First, thanks for writing this up. It's exciting to see ambisonic
support for the Opus codec!
Channel mapping family 2 looks good to me. The change is documented in a
proposed RFC. It defines the allowed number of channels, re-uses the
channel mapping table from Ogg Opus RFC 7845, so I don't see
interoperability issues. The draft explains how to map decoded channels
to the correct ambisonic order and degree. I believe that fulfills the
specification requirement.
The actual definition of the spherical harmonic expansion of the sound
field is a conference paper. The paper appears to be publicly available.
But, since this is a normative reference, it might be nice to reproduce
at least a sketch of the relevant functions within the draft in case
that reference becomes harder to obtain. It also wasn't clear to me, as
someone without specific ambisonic knowledge what the annotations on the
definition in the reference meant. Of course it can be painful to
include complex equations in an RFC.
For mapping family 3, I'm concerned by the way the matrix is signaled.
You say the mixing matrix is "stored column-wise." I assume this means
the order of the coefficients in the file is D11, D21, ..., DC1, D12,
D22, ..., D1K, D2K, ..., DCK. Is that correct? Since matrix
representation conventions vary, I suggest being more explicit here,
perhaps by listing a few coefficients in figure 4.

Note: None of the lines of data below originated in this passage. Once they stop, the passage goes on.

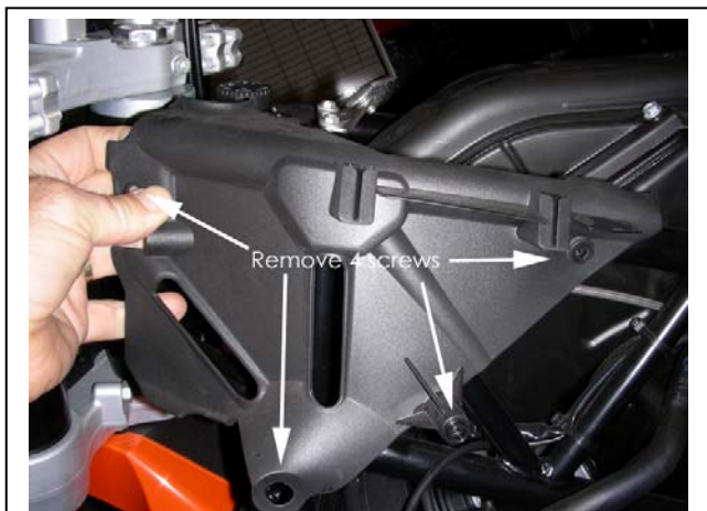
Remove screws here to remove left side panel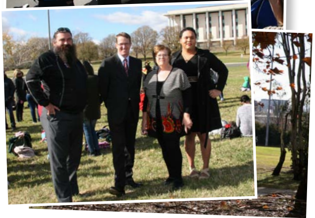
To mark National Sorry Day, many ORIC staff joined with others from across Canberra to participate in the National Sorry Day Bridge Walk across Commonwealth Avenue Bridge. The walk took place on Friday, 27 May 2016.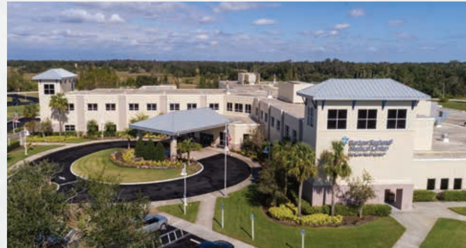
Since not-for-profit BayCare acquired Bartow Regional Medical Center from for-profit owners, the hospital has won accolades for its patient care.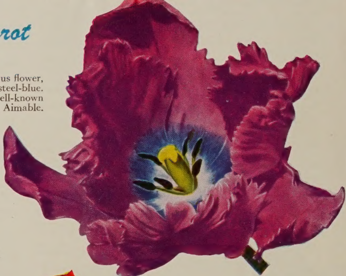
BLUE PARROT TULIP

Blue Parrot. A glorious flower, bright violet shaded steel-blue. A sport from the well-known Darwin Tulip, Bleu Aimable. Very large flower on tall, strong stem. $1.15 per doz.; $9.00 per 100.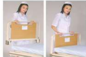
Head/foot board panel dismantle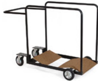
DURAMAX ROUND TABLE TROLLEY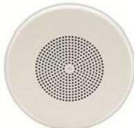
VIP-120A One-Way 8" Round Ceiling IP Speaker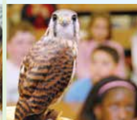
Aquarium photos courtesy of Heidi Gumula – DBVW Architects.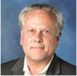
Director, Center for Legislative Archives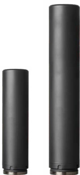
Specwar 556 Specwar 762

As you note at the end of section 3.2, the identification header must
fit within a single page as described the Ogg Opus RFC 7845. This is
also in the Ogg Format RFC 3533 (section 4, third paragraph). Violating
this constraint will definitely cause interoperability problems. I'd
like to see the language about this strengthened to a MUST limit on the
packet size and some guidance given about maximum order and channel
indexes for common configurations. Section 3.3 should be updated to
mention this as well. It would be an easy thing for implementors to
overlook.
As you noted in your response to Eric Rescorla's comments, replacing the
RFC 7845 channel mapping table with the mixing matrix entries means that
a decoder based solely on that RFC could either produce a random mix of
of the ambisonic channels, or reject the header as invalid, depending on
how the mixing coefficients match up with the available decoded streams
when interpreted as bytes.
However, the RFC 7845 channel mapping table is only 'C' octets long, the
length of half a row of the mixing matrix. It seems to me encoders could
insert a compatibility table before the matrix coefficients without
adding much to the encapsulation overhead or limiting the mixing options
much. Was this considered by the working group?
Such a table could be all 255 values, to indicate no output, but
probably SHOULD consist of a 1:1 mapping, with values 0,1,..,C-1. That
way something like Digital Audio Workstation software written just
against RFC 7845 could still load the coded tracks, even if the mix and
interpretation as ambisonic signals is lost. That kind of compatibility
was the intent of Section 5.1.1.3 of RFC 7845.
Decoders still MAY reject the stream because they don't recognize the
channel mapping family field, or because they think the id header is too
large. Players still SHOULD NOT play it based just on an unrecognized
mapping family field.
If you want to completely block incompatible decoders, you could also
bump the 'version' field in the id header.
Reserving mapping family values 240...254 for experimental use seems
reasonable to me. I don't foresee much pressure on namespace allocation,
and the number of reserved entries is appropriate.
You could reference the "experimental use" policy in Section 4.1 of RFC
5226 here.
I don't see an Implementation Status section (as recommended by RFC
6982). Are there multiple implementations of this draft? Test vectors?